TO DO: Reproduce everything from the line that contains "Practical Knob OperationThis" down to the line that contains "Put the ice" in the listing below, word for word and nothing more. Leave the pictures out.

=-=-=-=-=

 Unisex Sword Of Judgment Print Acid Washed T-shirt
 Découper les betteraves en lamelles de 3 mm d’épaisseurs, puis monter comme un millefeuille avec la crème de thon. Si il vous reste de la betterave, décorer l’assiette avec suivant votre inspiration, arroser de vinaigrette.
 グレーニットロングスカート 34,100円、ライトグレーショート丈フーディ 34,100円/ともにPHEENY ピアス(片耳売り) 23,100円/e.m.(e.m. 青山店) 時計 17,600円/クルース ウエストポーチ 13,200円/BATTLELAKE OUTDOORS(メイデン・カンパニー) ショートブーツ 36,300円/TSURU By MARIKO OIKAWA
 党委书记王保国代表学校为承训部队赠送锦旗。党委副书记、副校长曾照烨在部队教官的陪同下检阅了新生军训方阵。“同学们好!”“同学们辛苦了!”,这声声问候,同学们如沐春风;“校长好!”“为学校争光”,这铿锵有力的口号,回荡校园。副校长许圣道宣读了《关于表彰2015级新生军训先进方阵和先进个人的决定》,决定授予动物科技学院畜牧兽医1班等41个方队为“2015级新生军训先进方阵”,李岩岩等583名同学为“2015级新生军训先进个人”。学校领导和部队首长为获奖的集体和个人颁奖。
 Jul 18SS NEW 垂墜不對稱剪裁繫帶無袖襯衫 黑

=-=-=-=-=

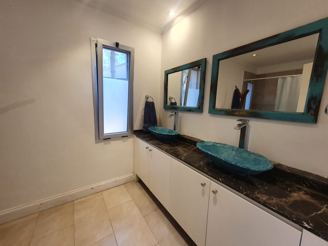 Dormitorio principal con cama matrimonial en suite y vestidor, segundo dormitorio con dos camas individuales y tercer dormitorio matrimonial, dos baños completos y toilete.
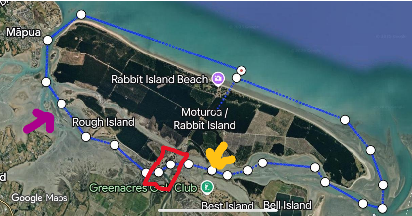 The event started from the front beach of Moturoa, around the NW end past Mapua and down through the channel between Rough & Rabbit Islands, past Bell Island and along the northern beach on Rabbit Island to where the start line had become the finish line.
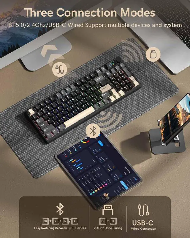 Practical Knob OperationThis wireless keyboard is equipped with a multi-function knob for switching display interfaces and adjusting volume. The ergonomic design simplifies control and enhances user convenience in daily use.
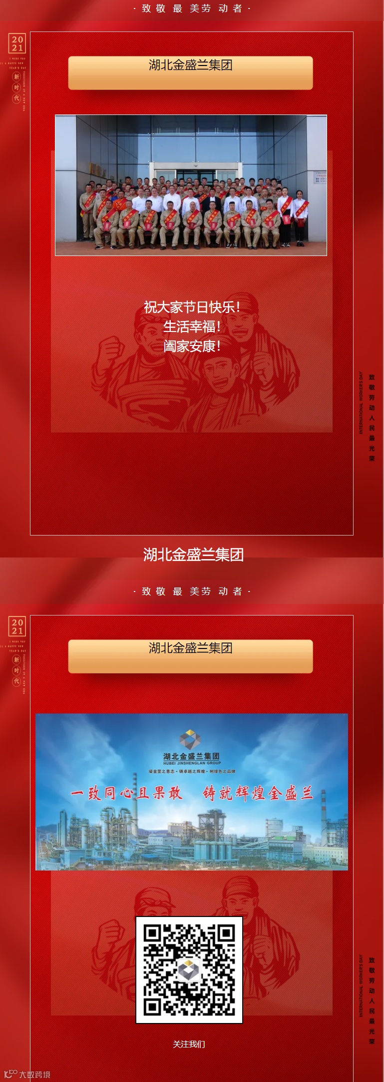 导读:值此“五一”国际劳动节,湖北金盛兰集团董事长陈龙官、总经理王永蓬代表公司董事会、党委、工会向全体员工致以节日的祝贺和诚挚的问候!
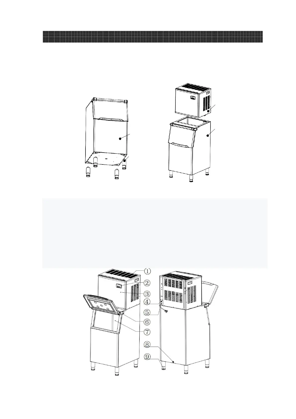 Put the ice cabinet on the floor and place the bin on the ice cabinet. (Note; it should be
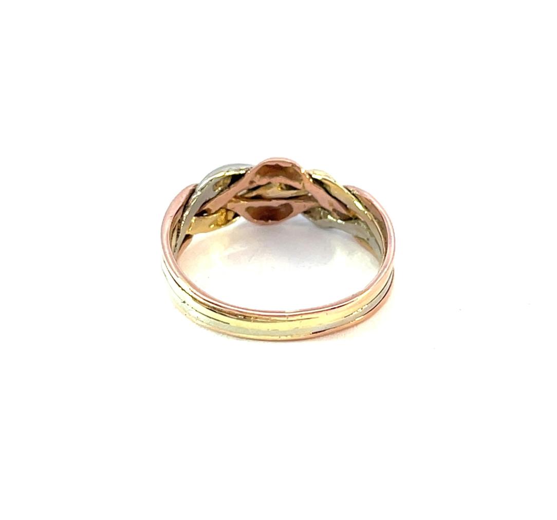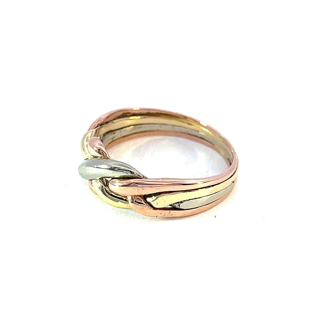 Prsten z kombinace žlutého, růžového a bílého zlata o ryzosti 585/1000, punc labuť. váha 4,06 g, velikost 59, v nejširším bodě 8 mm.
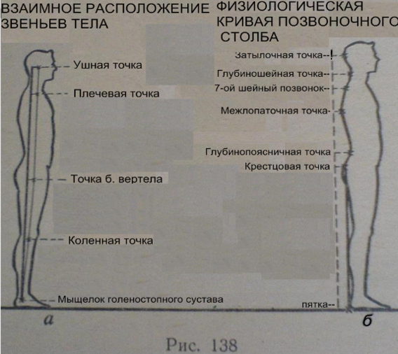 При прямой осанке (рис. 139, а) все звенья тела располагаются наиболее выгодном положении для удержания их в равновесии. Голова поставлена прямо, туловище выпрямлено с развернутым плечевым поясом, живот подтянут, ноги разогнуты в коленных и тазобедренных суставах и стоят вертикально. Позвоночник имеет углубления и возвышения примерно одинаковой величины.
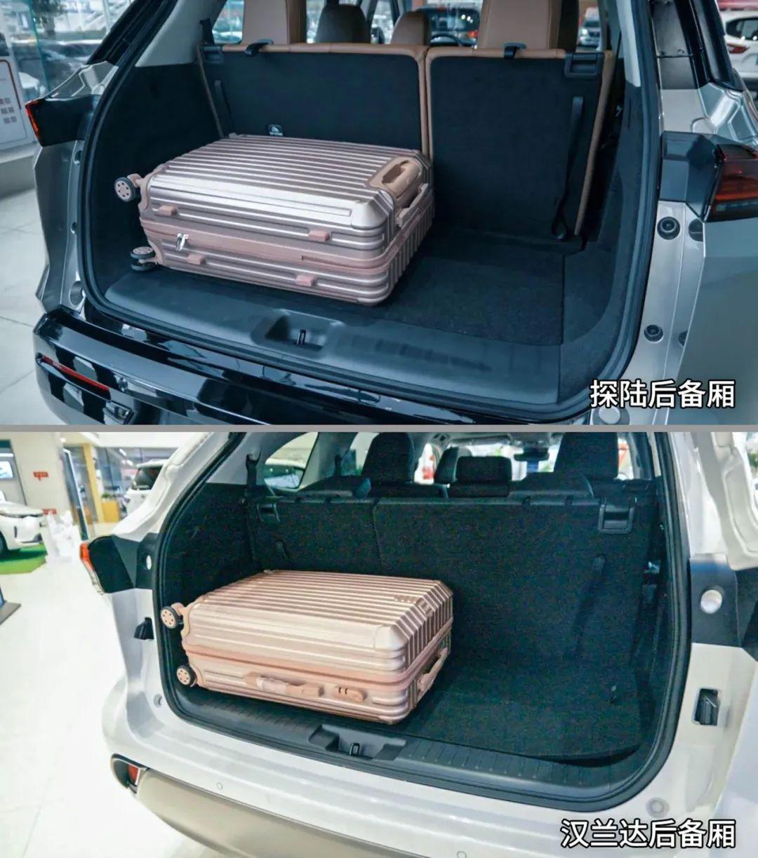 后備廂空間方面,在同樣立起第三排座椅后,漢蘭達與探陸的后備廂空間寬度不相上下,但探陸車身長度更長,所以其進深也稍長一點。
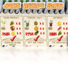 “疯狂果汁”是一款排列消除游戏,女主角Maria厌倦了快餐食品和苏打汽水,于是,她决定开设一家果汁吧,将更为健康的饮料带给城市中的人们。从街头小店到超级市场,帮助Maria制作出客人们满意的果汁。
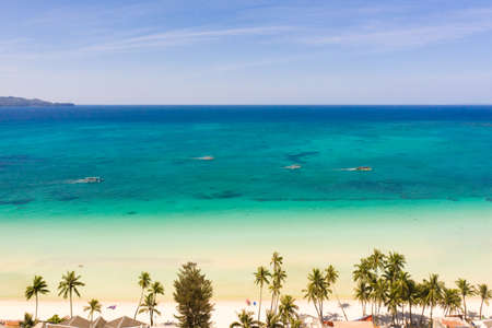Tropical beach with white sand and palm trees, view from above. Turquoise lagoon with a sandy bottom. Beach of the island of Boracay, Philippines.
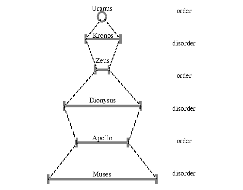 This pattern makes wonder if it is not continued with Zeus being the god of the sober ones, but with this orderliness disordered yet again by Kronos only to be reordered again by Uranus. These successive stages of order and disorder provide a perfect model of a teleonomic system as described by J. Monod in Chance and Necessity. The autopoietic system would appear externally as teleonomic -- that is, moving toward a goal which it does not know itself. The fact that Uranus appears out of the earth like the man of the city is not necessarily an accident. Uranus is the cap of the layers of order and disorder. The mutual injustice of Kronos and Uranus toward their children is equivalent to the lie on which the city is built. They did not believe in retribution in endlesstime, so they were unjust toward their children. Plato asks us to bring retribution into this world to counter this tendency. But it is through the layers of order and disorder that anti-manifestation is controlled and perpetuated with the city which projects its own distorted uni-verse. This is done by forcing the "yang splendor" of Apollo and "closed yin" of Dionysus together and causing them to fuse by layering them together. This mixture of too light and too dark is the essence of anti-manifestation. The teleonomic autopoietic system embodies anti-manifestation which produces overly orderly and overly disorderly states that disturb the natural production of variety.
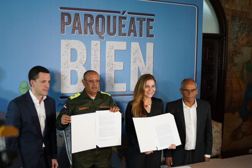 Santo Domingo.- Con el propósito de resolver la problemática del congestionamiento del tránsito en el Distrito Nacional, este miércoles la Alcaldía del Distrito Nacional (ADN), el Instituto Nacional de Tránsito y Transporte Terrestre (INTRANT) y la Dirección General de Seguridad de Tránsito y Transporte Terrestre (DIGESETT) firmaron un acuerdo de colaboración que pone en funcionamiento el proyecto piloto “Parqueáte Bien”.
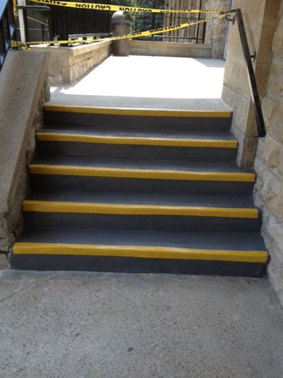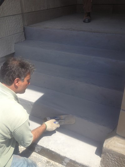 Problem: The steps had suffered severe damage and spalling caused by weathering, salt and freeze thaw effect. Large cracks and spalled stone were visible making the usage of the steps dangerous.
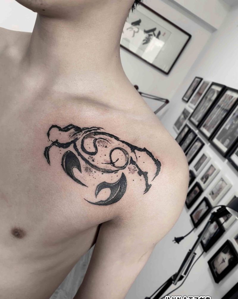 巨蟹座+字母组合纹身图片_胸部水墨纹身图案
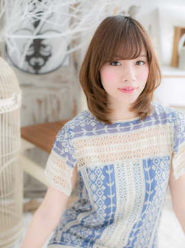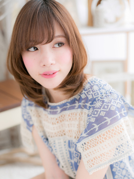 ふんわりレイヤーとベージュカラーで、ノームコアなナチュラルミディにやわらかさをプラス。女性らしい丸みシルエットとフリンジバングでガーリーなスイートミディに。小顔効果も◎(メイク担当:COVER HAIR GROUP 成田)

=-=-=-=-=

ANSWER TO THIS EXERCISE:
 Practical Knob OperationThis wireless keyboard is equipped with a multi-function knob for switching display interfaces and adjusting volume. The ergonomic design simplifies control and enhances user convenience in daily use.
 导读:值此“五一”国际劳动节,湖北金盛兰集团董事长陈龙官、总经理王永蓬代表公司董事会、党委、工会向全体员工致以节日的祝贺和诚挚的问候!
 Put the ice cabinet on the floor and place the bin on the ice cabinet. (Note; it should be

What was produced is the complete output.